▸ DATASET SECTION
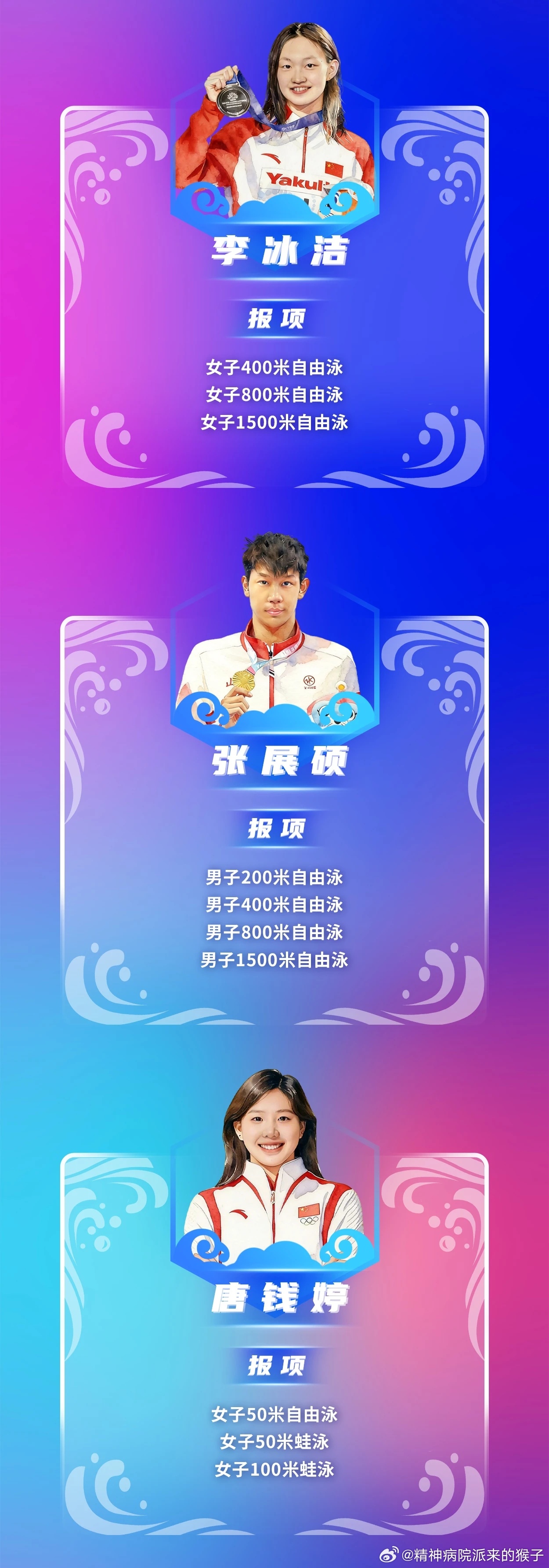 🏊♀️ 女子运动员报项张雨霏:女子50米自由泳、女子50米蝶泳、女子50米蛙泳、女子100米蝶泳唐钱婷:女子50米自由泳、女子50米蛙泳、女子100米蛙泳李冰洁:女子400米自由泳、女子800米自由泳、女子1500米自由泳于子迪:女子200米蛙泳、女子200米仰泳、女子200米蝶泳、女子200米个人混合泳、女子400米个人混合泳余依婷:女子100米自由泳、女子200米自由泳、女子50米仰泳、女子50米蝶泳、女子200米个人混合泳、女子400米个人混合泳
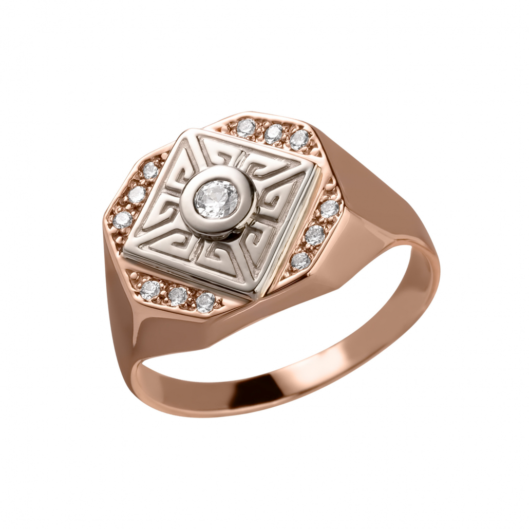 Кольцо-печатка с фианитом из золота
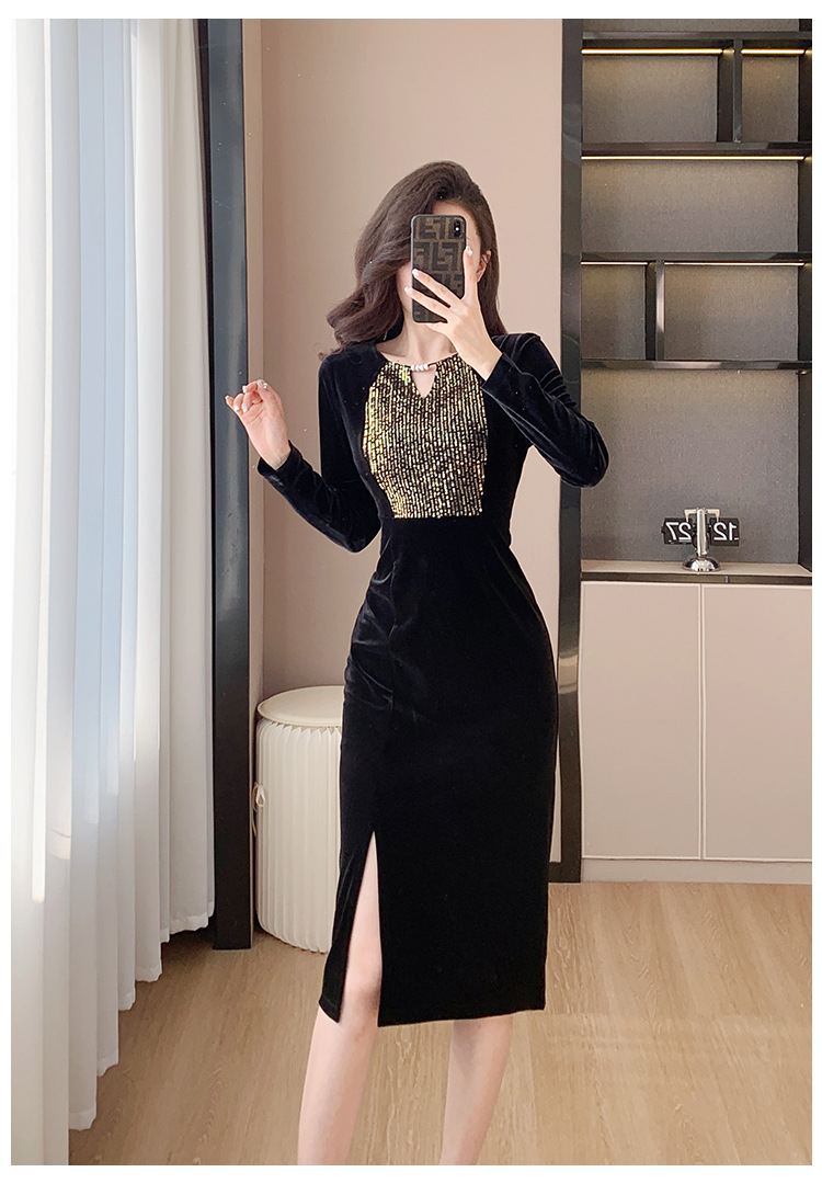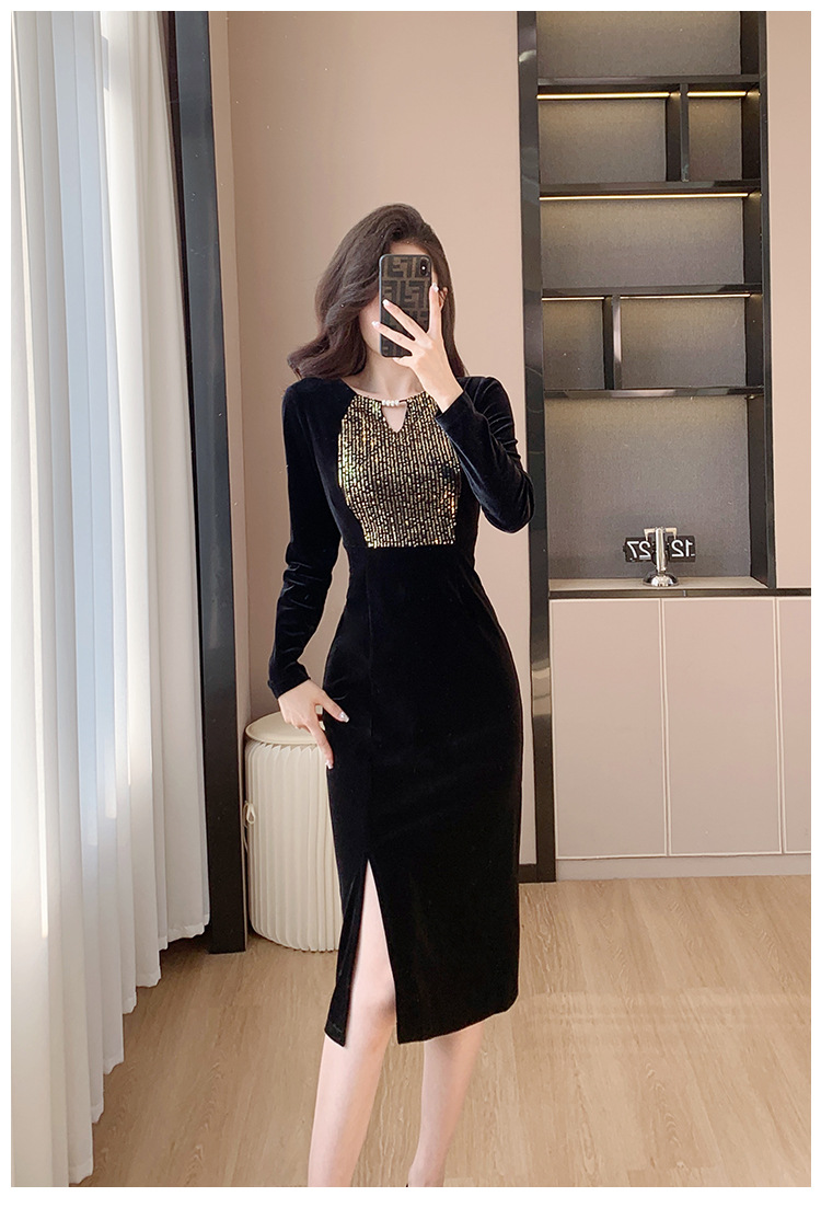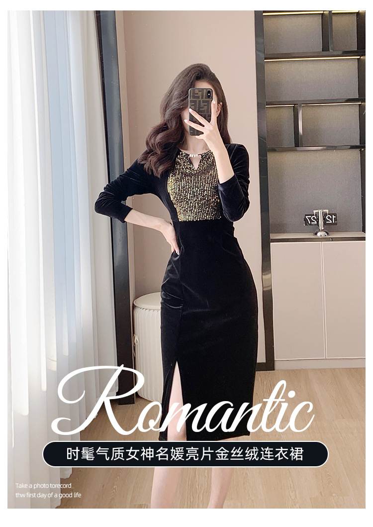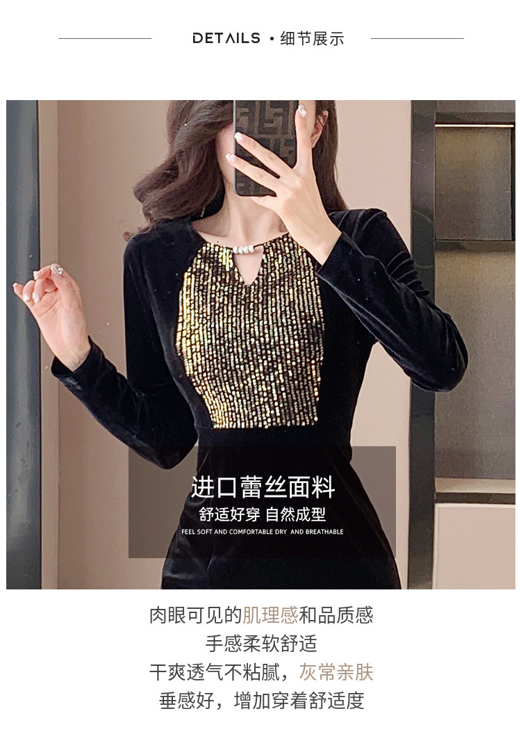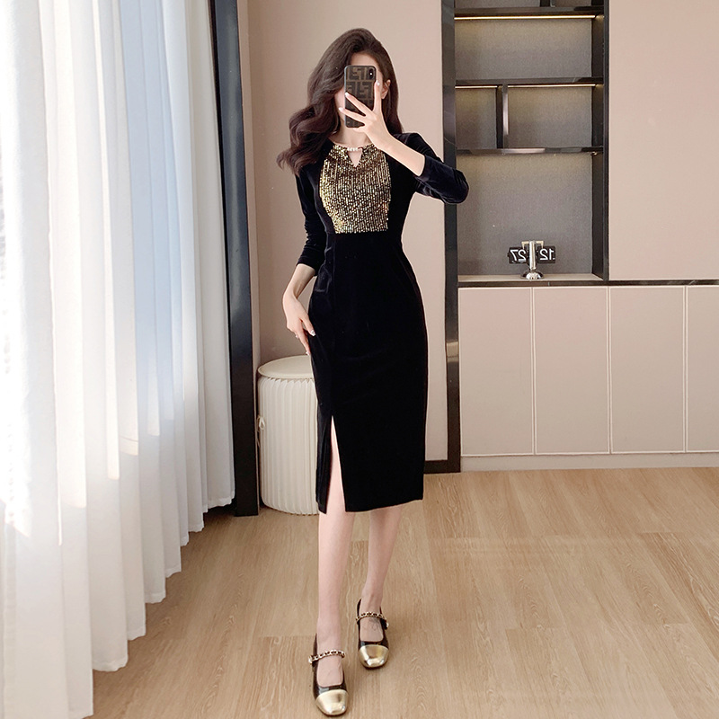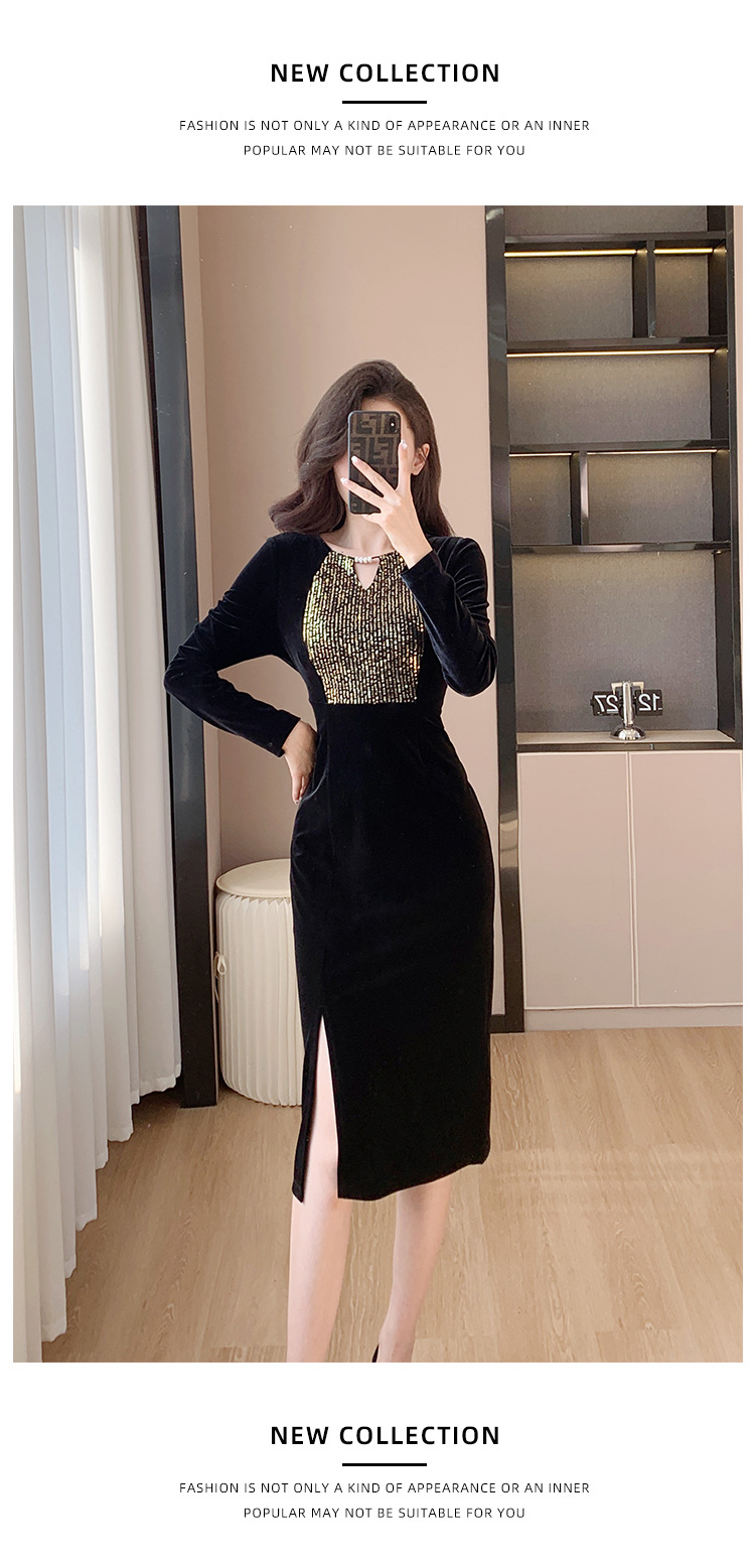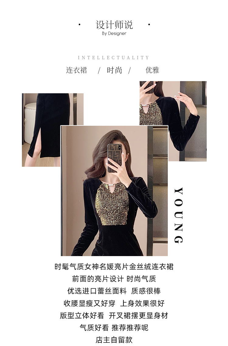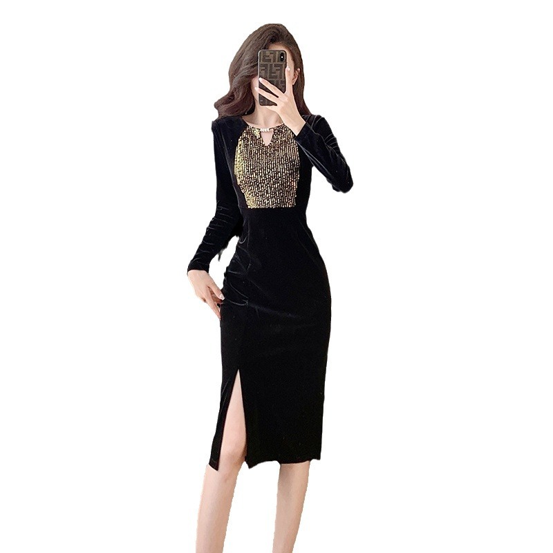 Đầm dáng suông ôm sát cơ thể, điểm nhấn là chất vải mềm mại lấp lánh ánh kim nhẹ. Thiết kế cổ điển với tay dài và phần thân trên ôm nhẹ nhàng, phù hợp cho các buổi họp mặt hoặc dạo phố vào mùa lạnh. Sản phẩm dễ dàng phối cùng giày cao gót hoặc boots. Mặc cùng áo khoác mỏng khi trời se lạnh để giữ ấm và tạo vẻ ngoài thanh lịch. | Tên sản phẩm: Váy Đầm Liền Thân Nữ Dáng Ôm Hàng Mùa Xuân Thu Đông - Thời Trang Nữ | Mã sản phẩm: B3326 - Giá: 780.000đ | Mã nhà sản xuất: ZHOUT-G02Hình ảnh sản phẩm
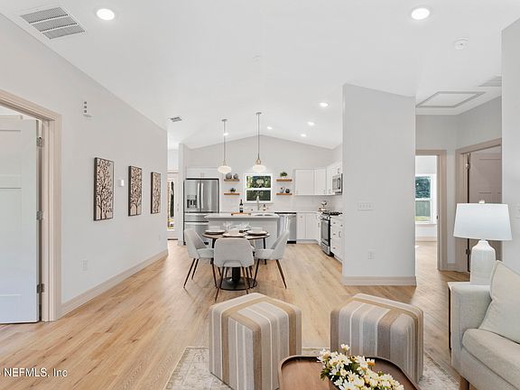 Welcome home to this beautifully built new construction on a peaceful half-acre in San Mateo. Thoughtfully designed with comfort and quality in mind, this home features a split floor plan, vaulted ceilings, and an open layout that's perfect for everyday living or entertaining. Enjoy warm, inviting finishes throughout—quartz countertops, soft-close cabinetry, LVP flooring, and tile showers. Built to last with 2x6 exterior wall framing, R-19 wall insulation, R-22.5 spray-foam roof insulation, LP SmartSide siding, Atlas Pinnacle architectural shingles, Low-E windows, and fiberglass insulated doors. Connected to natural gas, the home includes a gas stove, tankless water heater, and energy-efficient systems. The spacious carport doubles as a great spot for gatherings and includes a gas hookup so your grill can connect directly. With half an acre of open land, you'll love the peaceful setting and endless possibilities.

▸ TASK BRIEF
Restate, line by line and word for word, everything from the top of the material through the line that contains "Đầm dáng suông". Leave pictures out.

▸ SOLUTION TO THIS TASK
 🏊♀️ 女子运动员报项张雨霏:女子50米自由泳、女子50米蝶泳、女子50米蛙泳、女子100米蝶泳唐钱婷:女子50米自由泳、女子50米蛙泳、女子100米蛙泳李冰洁:女子400米自由泳、女子800米自由泳、女子1500米自由泳于子迪:女子200米蛙泳、女子200米仰泳、女子200米蝶泳、女子200米个人混合泳、女子400米个人混合泳余依婷:女子100米自由泳、女子200米自由泳、女子50米仰泳、女子50米蝶泳、女子200米个人混合泳、女子400米个人混合泳
 Кольцо-печатка с фианитом из золота
 Đầm dáng suông ôm sát cơ thể, điểm nhấn là chất vải mềm mại lấp lánh ánh kim nhẹ. Thiết kế cổ điển với tay dài và phần thân trên ôm nhẹ nhàng, phù hợp cho các buổi họp mặt hoặc dạo phố vào mùa lạnh. Sản phẩm dễ dàng phối cùng giày cao gót hoặc boots. Mặc cùng áo khoác mỏng khi trời se lạnh để giữ ấm và tạo vẻ ngoài thanh lịch. | Tên sản phẩm: Váy Đầm Liền Thân Nữ Dáng Ôm Hàng Mùa Xuân Thu Đông - Thời Trang Nữ | Mã sản phẩm: B3326 - Giá: 780.000đ | Mã nhà sản xuất: ZHOUT-G02Hình ảnh sản phẩm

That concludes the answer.